It’s been almost two years of sluggish markets and a rising regulatory menace, and it’s likely investment advisors would find themselves squeezed. The threat of new U.S. Department of Labor rules determining how advisors can handle retirement assets sent a chill through the profession, even though the rules impact advisors with brokerage licenses more severely than RIAs (brokerage firms have already answered the final rules that arrived in April with lawsuits).
Nor were the stock markets friendly to advisors. After several years of double-digit returns, the S&P 500 was up 1.4% in 2015, including dividends. Since mid-2014, domestic equities have essentially gone nowhere.

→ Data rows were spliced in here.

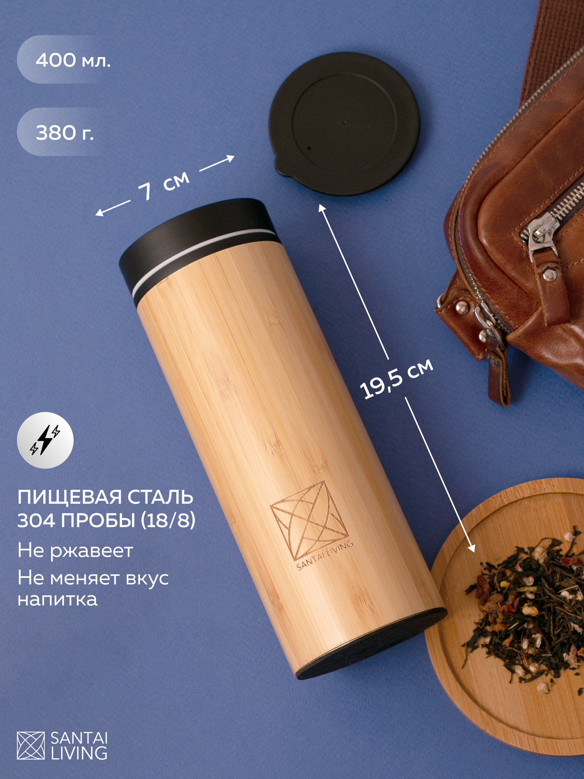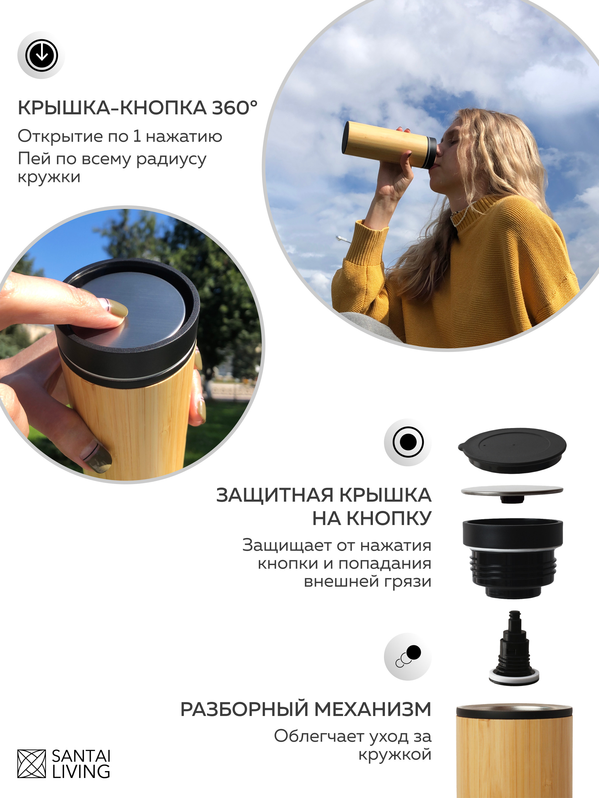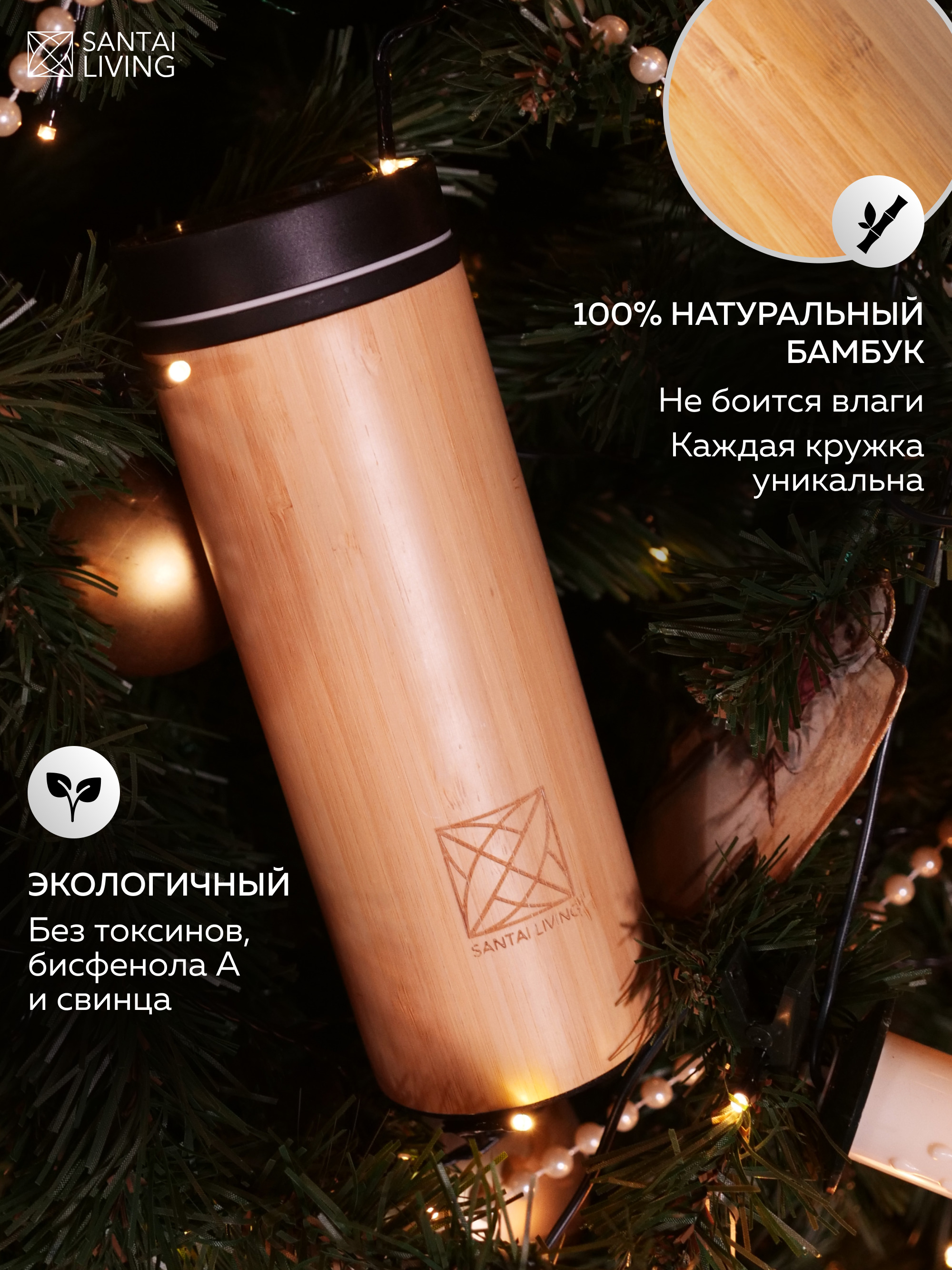 Термокружка Santai Living 100% бамбук с ручкой и крышкой, 0.45 л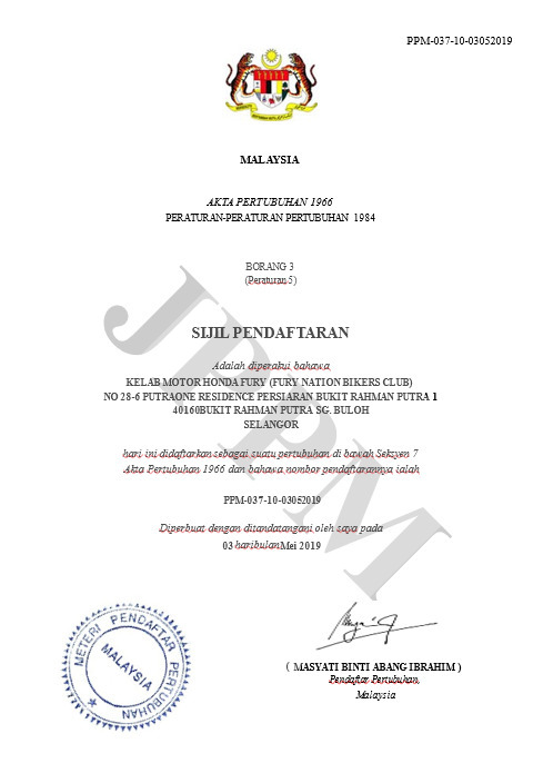Kelab Motor Honda Fury (Fury Nation Bikers Club) is officially registered under the Societies Act 1966, as a testament to our commitment to operate lawfully, responsibly, and with integrity for the benefit of our members and the community.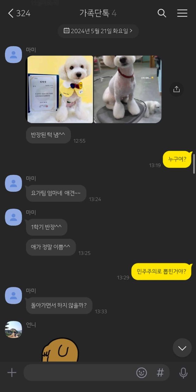 모르는 개가 반장됐다고 톡옴…,,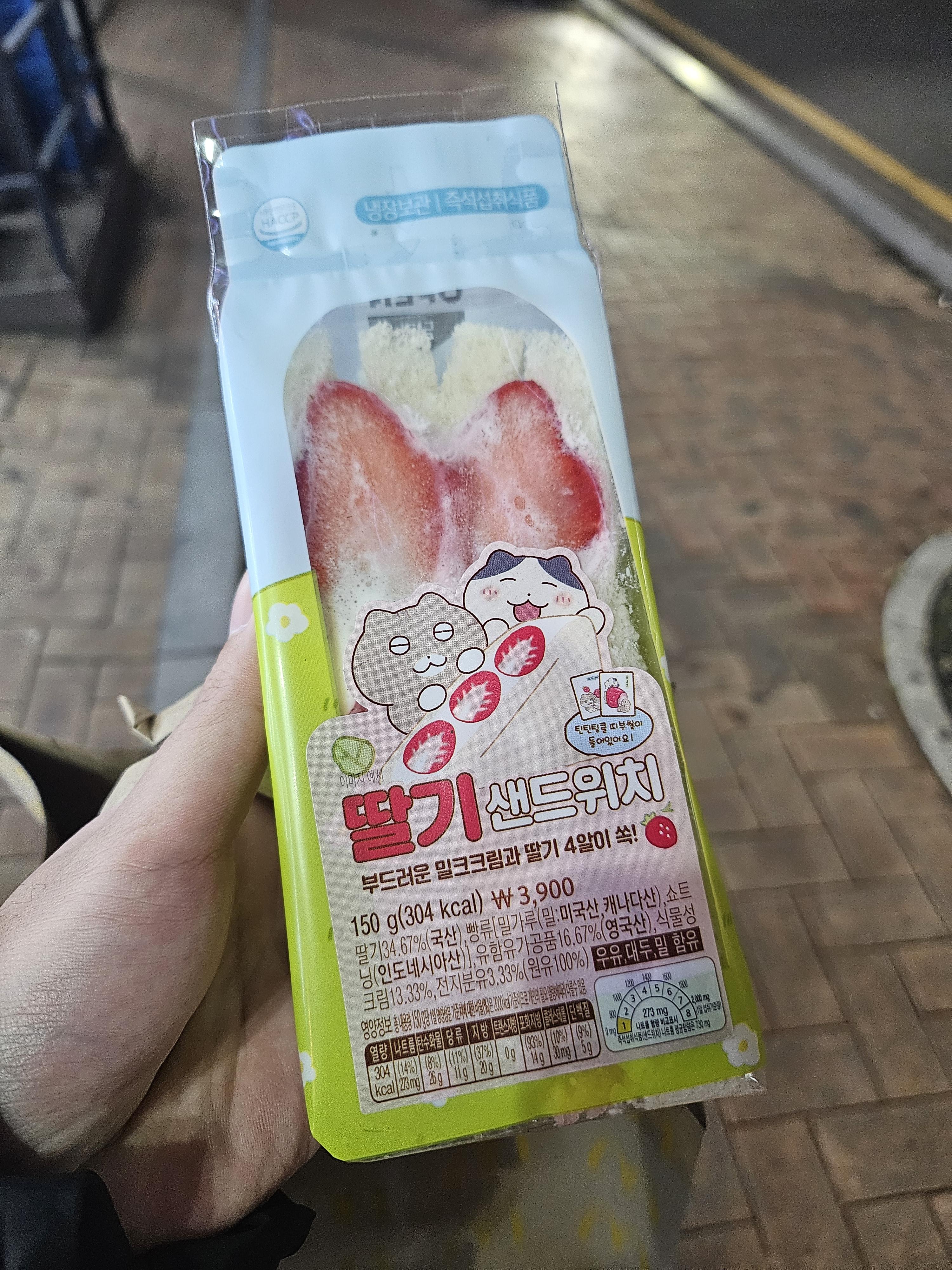 크림 묻고 딸기가 들어있어서 흐물텅한 샌드위치에 씰스티커가 딱 붙어진 채로 판매되는 건 아닌가 했는데 관리가 잘 되어있어서 좋다.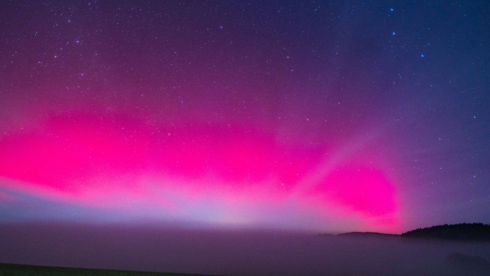 Frühaufsteher oder Langaufbleiber konnten sich in der Nacht von Dienstag auf Mittwoch über ein besonderes Spektakel am Himmel freuen: Polarlichter leuchteten über weiten Teilen Europas. In Deutschland waren sie vor allem im Süden gut zu beobachten; der Himmel leuchtete in rötlichen,pinken und grünen Farben.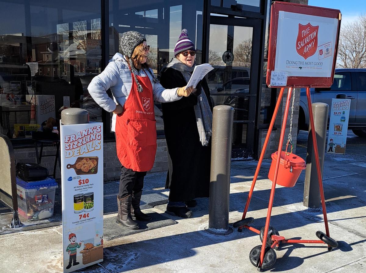 Two retired teachers from Center Point - Urbana, gave it their all while ringing the bell for the Salvation Army of Benton County. The two teachers entertained shoppers by singing carols accapella in front of Fareway!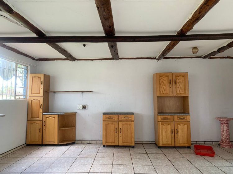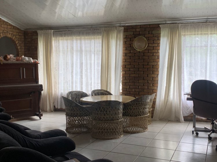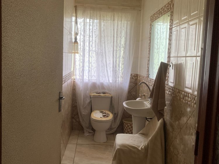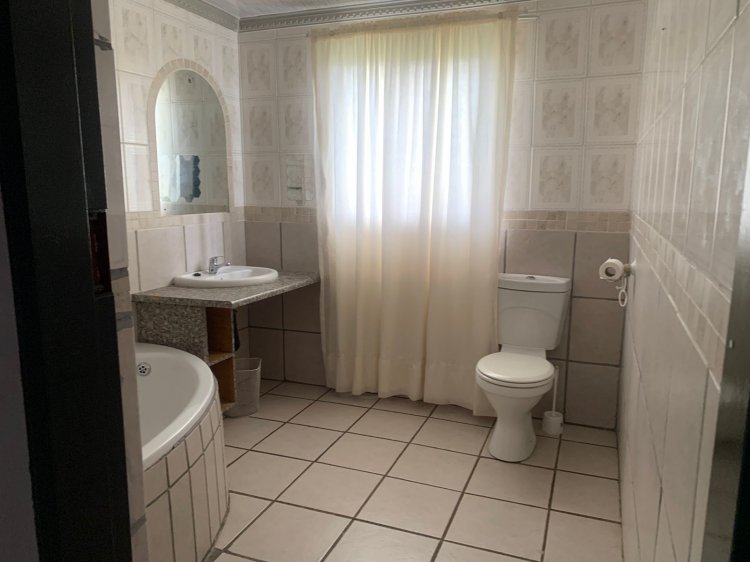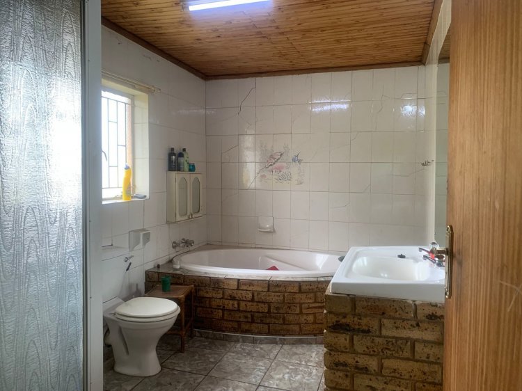 Outside is a huge garden that has irrigation sprinklers and a borehole. There is another stand alone flatlet with own geyser. The large open plan living room, kitchen and dining room makes it ideal for family moments. It also has a big bathroom with tub, shower, toilet and basin.

Among the 612 RIA firms surveyed by Financial Advisor magazine, more than one-third, 219, said they saw assets under management shrink last year. The average amount of firm assets per client fell 4.2% from $5.5 million to $5.27 million.
“Poor market conditions for the past two years [hurt],” says a principal at one firm in the survey. Other responses should remind advisors that their firms are always vulnerable to staffing and succession issues. One advisory with more than $2 billion in year-end total assets noted, that the “loss of a single senior advisor in 2015 negatively impacted [the firm’s] AUM by over $400 million.”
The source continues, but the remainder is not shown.